In today's combat, the foe is not the only danger

April 15, 1994|By Aaron EpsteinKnight-Ridder Newspapers

WASHINGTON -- The downing of two helicopters ove northern Iraq yesterday focused renewed attention on a tragic fact of high-tech, hair-trigger warfare: A large proportion of deaths in the world's danger zones come at the hands of friends, not enemies.

Nearly a quarter of the allied soldiers killed in the 1991 Persian Gulf War were slain by their comrades.

Of the 148 Americans who died in the 43-day war against Iraq, 35 were victims of "friendly fire," mostly deadly projectiles fired from M-1A1 Abrams tanks miles away. Friendly fire also was blamed for wounding 72 of the 467 Americans wounded in the conflict.

The Defense Department, in its analysis of the casualties, blamed such factors as the featureless desert terrain, complex and fast-moving military formations, low visibility, "the ability to engage targets from long distances," and the use of sophisticated weapons that were unable to tell friend from foe.

"One of the ironies of our high-tech warfare is that we are almost as vulnerable to our own weapons as we are to anybody else's," said Patrick Glynn, who studies political-military issues at the American Enterprise Institute, a public policy research institute in Washington.

"It is an inherently dangerous business, and occasionally people just screw up. It's in the nature of things," Mr. Glynn said.

Based on official figures, the 23 percent death rate from friendly fire during the Gulf War was nearly 10 times higher than the rates of earlier wars fought by U.S. troops.

But many military experts believe friendly fire killed many more troops in World War II and the Korean and Vietnam wars than has been reported.

"It's hard to talk to any veteran of Korea or Vietnam and not hear of incidents of friendly fire," said retired Adm. Jim Winnefeld, a veteran of both of those wars.

Mr. Glynn said that "a big breakthrough in the Gulf War was that the Pentagon was honest about" friendly fire casualties.

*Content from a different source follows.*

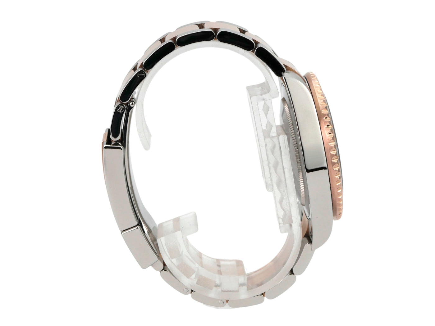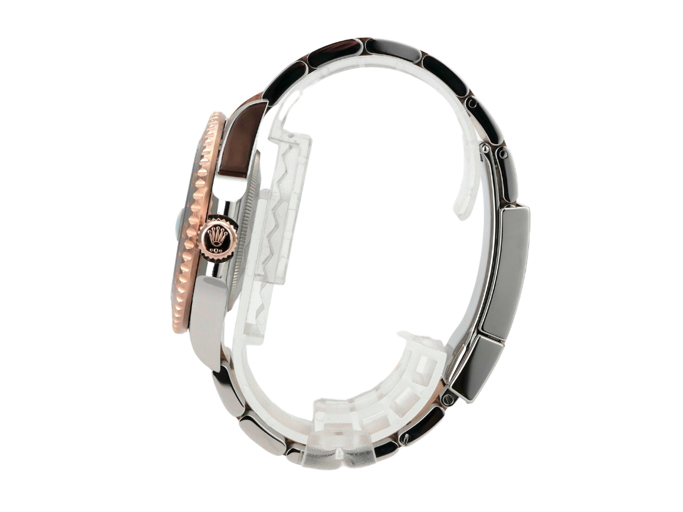 Gehäuse aus Edelstahl / 18 kt Everose-Gold poliert und satiniert, Gehäusedurchmesser 40 mm, Höhe 12,1 mm, 18 kt Everose-Gold Lünette geriffelt mit Keramik Einlage und 24 Stunden Skala, beidseitig drehbar, Oyster Edelstahl / 18 kt Everose-Gold Armband poliert und satiniert mit Sicherheitsfaltschließe, schwarzes Zifferblatt mit aufgesetzten Leuchtindizes und Leuchtpunkten, Leuchtzeiger, Automatikwerk, Rolex Manufakturkaliber 3285 mit 31 Steine, Schwingung 28.800 A/h, 70 Stunden Gangreserve, Datumsanzeige, zweite Zeitzone, Chronometer, kratzresistentes Saphirglas, verschraubbare Everose-Gold Krone mit Flankenschutz, Edelstahlboden verschraubt, wasserdicht bis zu 10 bar.

Mr. Winnefeld, a scholar at the Rand Corp., another think tank, who co-wrote a book on joint air operations, said that defense officials are "very sensitive" to the problem and that "my guess is that we're better at avoiding friendly fire than we've ever been."

But at least one Defense Department program designed to curb U.S. casualties from friendly fire has been a casualty of budget cuts.

The Army recently delayed plans to field a new system that would have allowed ground and air combat crews to electronically question an unidentified tank, armored vehicle or helicopter. If it was friendly, there would be a coded reply.

The plans called for the electronic identification system to be placed on 1,660 tanks, armored vehicles and helicopters by 1997, at a cost of about $100 million. The identification devices on the Black Hawk helicopters shot down yesterday could not be read by the fighters that attacked them.

Defense Department officials have said there is no way to eliminate the threat of friendly fire entirely, especially in the tense, split-second decisions required by modern high-tech warfare.

"The time for combat has collapsed, ... and the margin [between] whether you kill or are killed is a few seconds or less," said Tony Cordesman, a military analyst at the Wilson Center Research Institute.

In those situations, some military officials warn, trying too hard to prevent deaths by friendly fire could make troops overly timid about firing first, thus causing even more deaths.

The Navy is studying the effects of stress and time pressures on officers and subordinates in the aftermath of the mistaken destruction of an Iranian airliner by the Navy cruiser USS Vincennes in 1988.

A psychologist who recently re-examined the incident for the Navy found that "a staggering number of things went wrong."

For example, it was learned that a computer design flaw misled the captain about the airliner's course. Some Vincennes crew members realized that the captain was getting incorrect information but were reluctant to speak up.